Ainda antes de 1942, os judeus foram obrigados
a entregar às autoridades não apenas os aparelhos de rádio, como as suas jóias,
pratas, peles e tudo quanto tivesse valor. Que mais haveria ainda para lhes
tirar? Por incrível que pareça a resposta é «os animais de estimação», esses
pequenos e inocentes amigos que tantas vezes são a única alegria que nos resta
num mundo envolto em trevas.
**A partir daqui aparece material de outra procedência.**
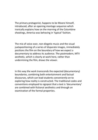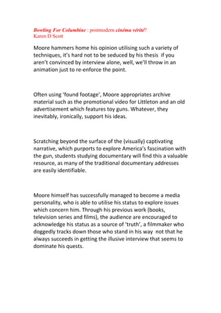 The document analyzes Michael Moore's film Bowling for Columbine, describing how it uses postmodern techniques like animation, archival footage, and provocative interviews to reinforce Moore's thesis about America's gun culture in an engaging way. It discusses how Moore personalizes the issues, using his own experiences, in a cinéma vérité style to encourage empathy from audiences. It also notes how Moore juxtaposes interviews with people like a weapons manufacturer spokesperson and Charlton Heston to bolster his arguments through irony and extremist views. Some critics argue Moore's very subjective methods can undermine his message by feeling manipulative.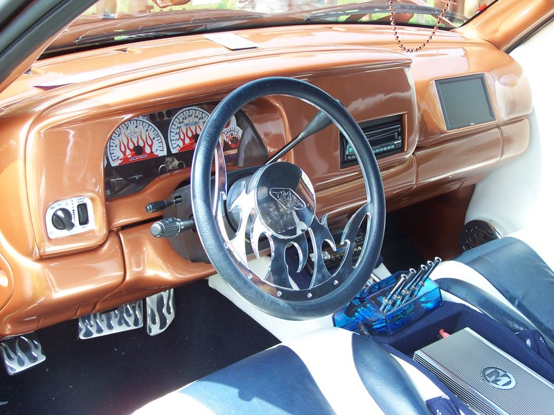 Billet, Painted, or uphostered...Orange/Navy/White.....Custom built console.....Everything has been shaved out, molded skulls, brushed, etc.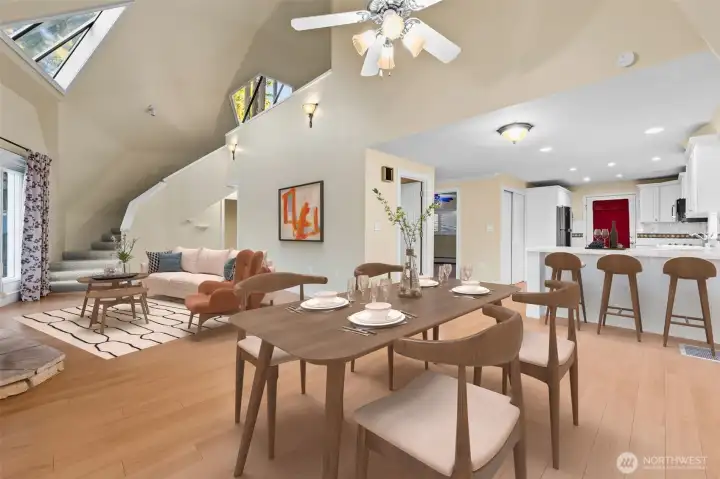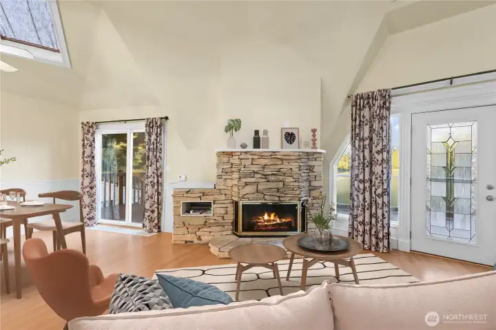 Featuring 148' of lakefront bliss with gazebo and dock, here in the sought after community of Sylvia Lake you will find this over 2600 Sq ft home that lives big with an open concept and has so much to offer! With .7 acres in total and three parcels offering level serene lakefront, this residence is boasting architectural flair with intentional design including tons of windows and skylights capturing sunlight and a wraparound deck with sweeping lake views. Enjoy 3 bedrooms, 2 fireplaces, an office, full bath on each level, an extra-deep garage with shop and dedicated guest parking! This prime close-in location near shopping, schools, and parks features an additional community beach, dock and picnic area. Immaculately maintained w/ new roof.

Para alguns, em especial para as crianças e
velhos, foi este o golpe mais duro. No dia aprazado, lá iam eles nos eléctricos,
os rostos brancos, a tentar sufocar as lágrimas, agarrados aos pequenos volumes
que deviam entregar nos centros de recepção: porquinhos-da-índia, hamsters, ratinhos
brancos, tartarugas e, claro está, gaiolas com pássaros. Os mais difíceis eram
os cães e os gatos, que gritavam durante todo o percurso, como se soubessem. O
pai de Paul, um cavalheiro alto, tranquilo e sempre muito digno, foi obrigado a
entregar Pepicek, o canário de que tanto gostava. Nessa noite
parecia mais pequeno, mais enrugado e desamparado. (pp. 46-47)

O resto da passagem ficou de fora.